Activity
Once the images are set aside, output the listing exactly as it stands.

Data section
------------------------------------------------------------------------

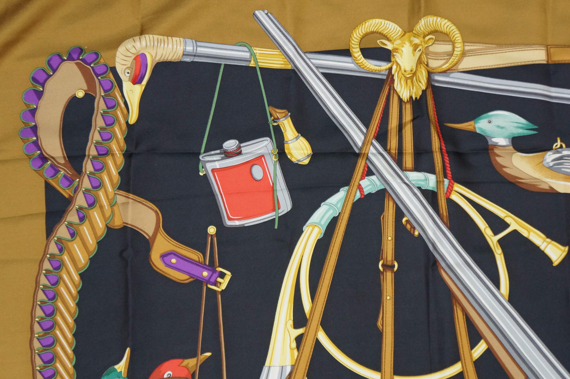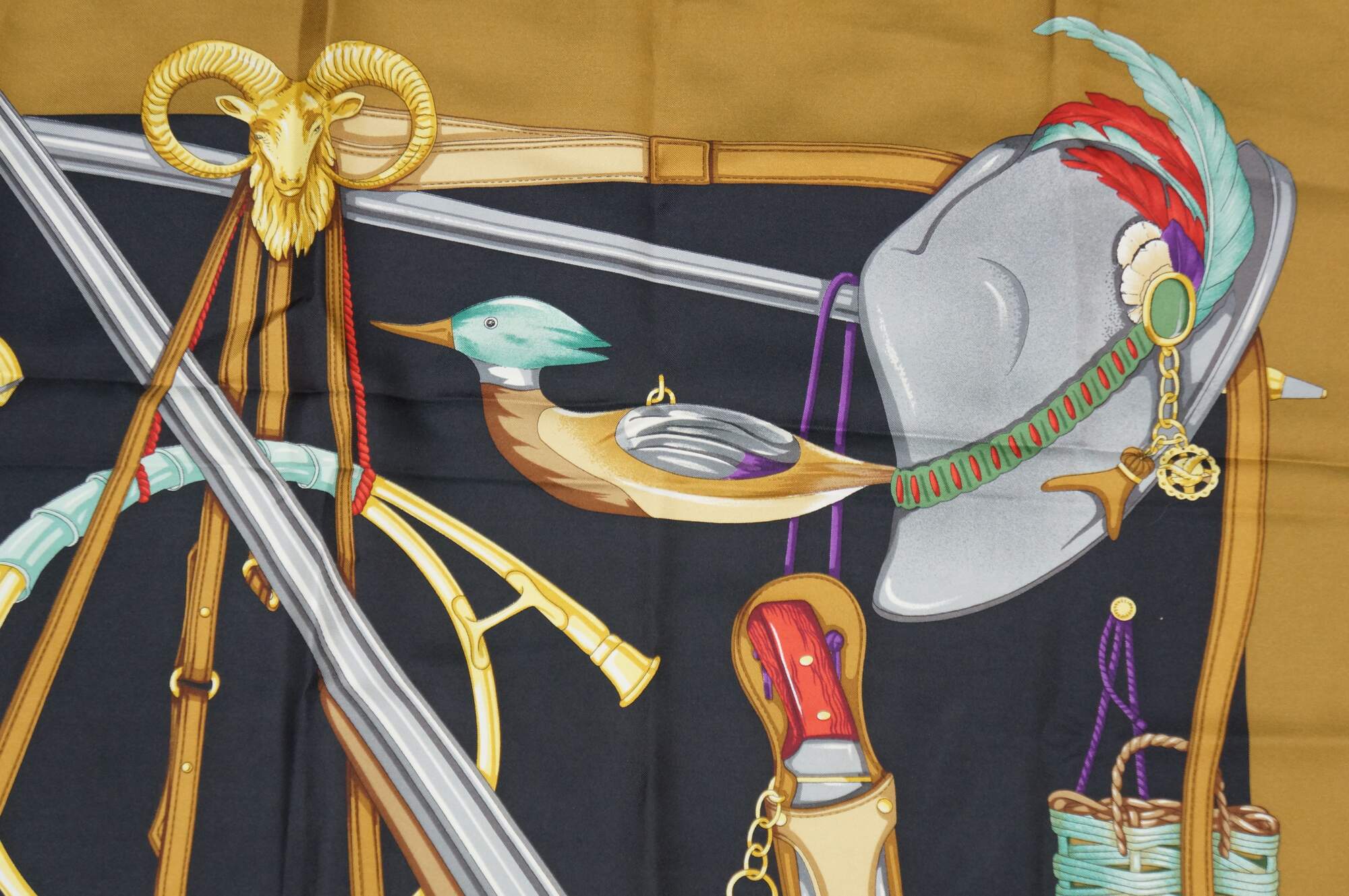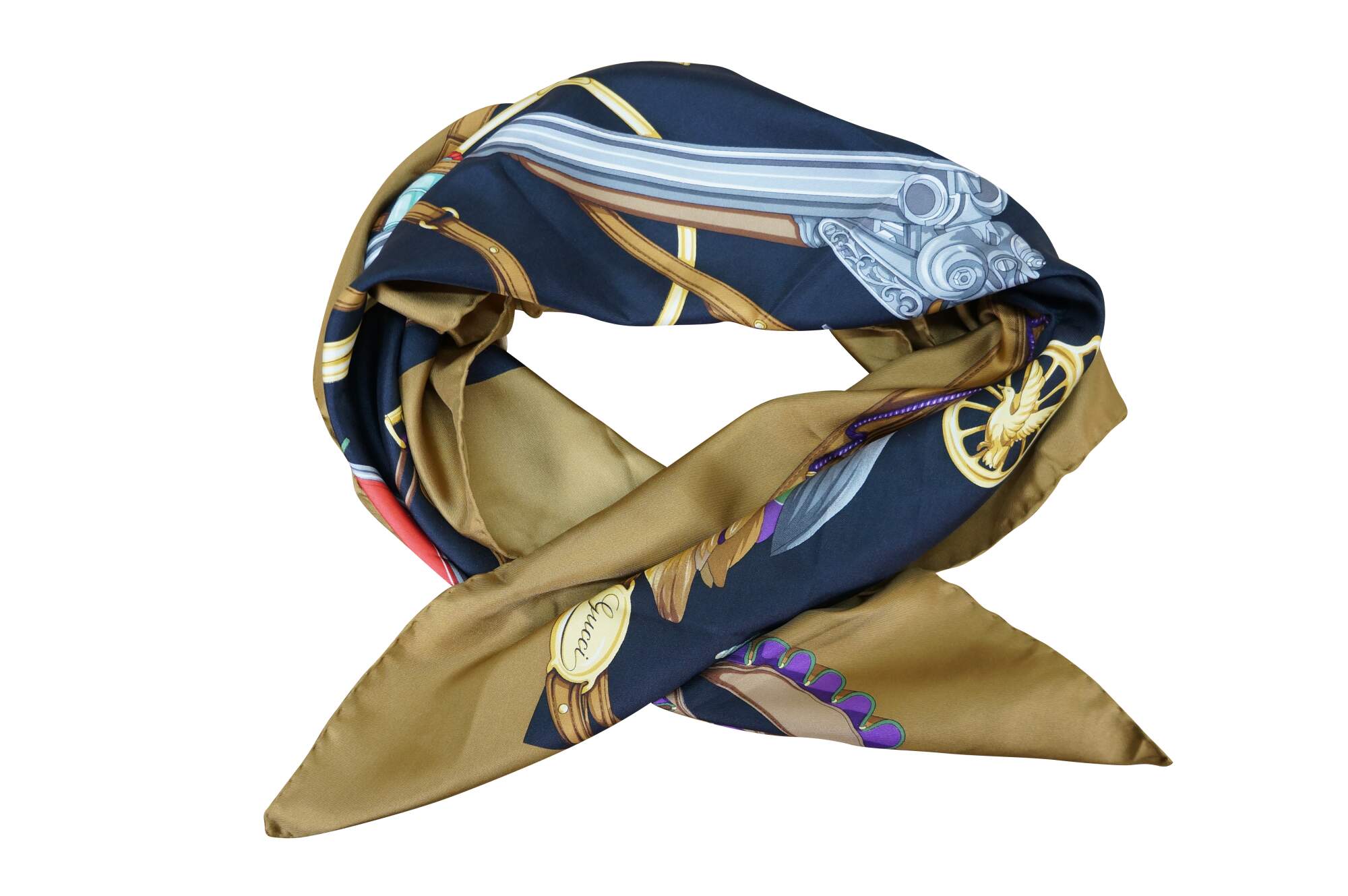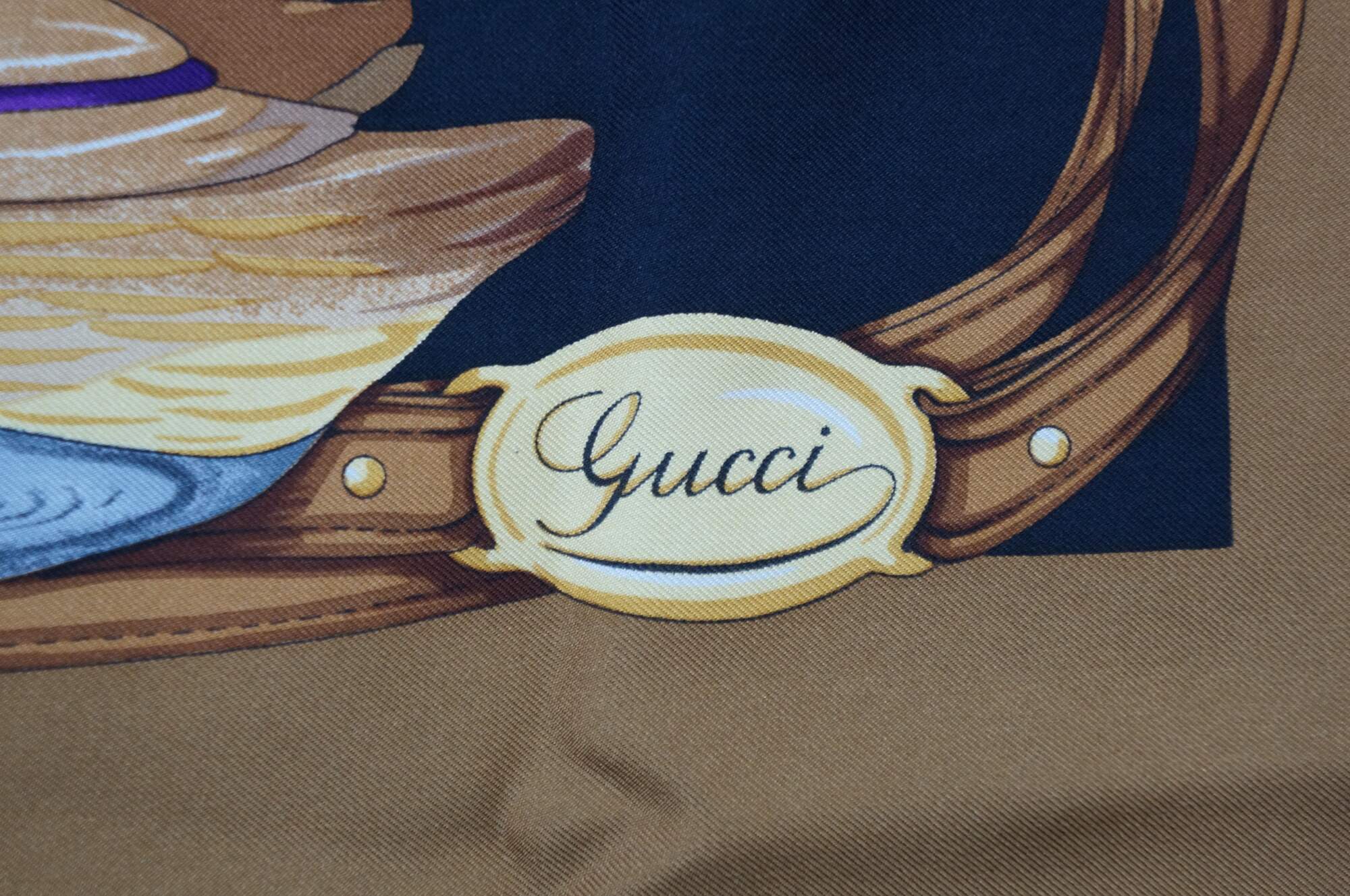 Vintage Gucci 100% silk square scarf featuring a golden border around an array of hunting objects - ducks, shotgun / bullets / holster, bugle horn, duck callers, flask, cane, bags etc. Made in Italy.
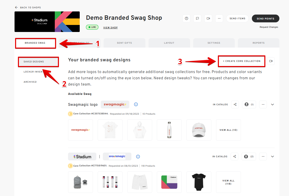 - Under the "BRANDED SWAG" tab, go to SAVED DESIGNS
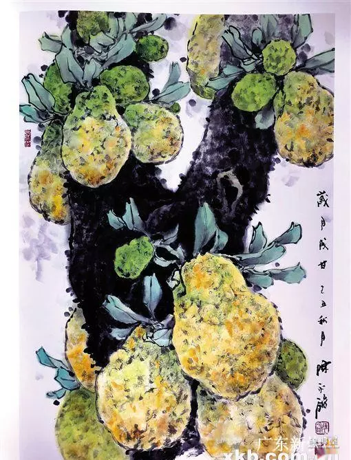 陈永锵:我是木棉树下长大的孩子,木棉开花很壮观,而且掷地有声。我14岁拜梁占峰老师学画的时候,在他家里厅堂就挂着一幅他画的木棉,并题了一首诗“愿祝人生似木棉,凌云百尺气冲天,花开映日红如血,絮落纷纷暖大千。”这首诗引起了我对木棉人格化的联想。后来我自己也写了一首颂木棉的诗,“顶天立地自成姿,沉醉东风花醒迟;三月群芳闹渐已,丹蕾十万吐高枝。” 我画花鸟画不是拟人化,而是人格化。

------------------------------------------------------------------------

Exercise output
 Vintage Gucci 100% silk square scarf featuring a golden border around an array of hunting objects - ducks, shotgun / bullets / holster, bugle horn, duck callers, flask, cane, bags etc. Made in Italy.
 - Under the "BRANDED SWAG" tab, go to SAVED DESIGNS
 陈永锵:我是木棉树下长大的孩子,木棉开花很壮观,而且掷地有声。我14岁拜梁占峰老师学画的时候,在他家里厅堂就挂着一幅他画的木棉,并题了一首诗“愿祝人生似木棉,凌云百尺气冲天,花开映日红如血,絮落纷纷暖大千。”这首诗引起了我对木棉人格化的联想。后来我自己也写了一首颂木棉的诗,“顶天立地自成姿,沉醉东风花醒迟;三月群芳闹渐已,丹蕾十万吐高枝。” 我画花鸟画不是拟人化,而是人格化。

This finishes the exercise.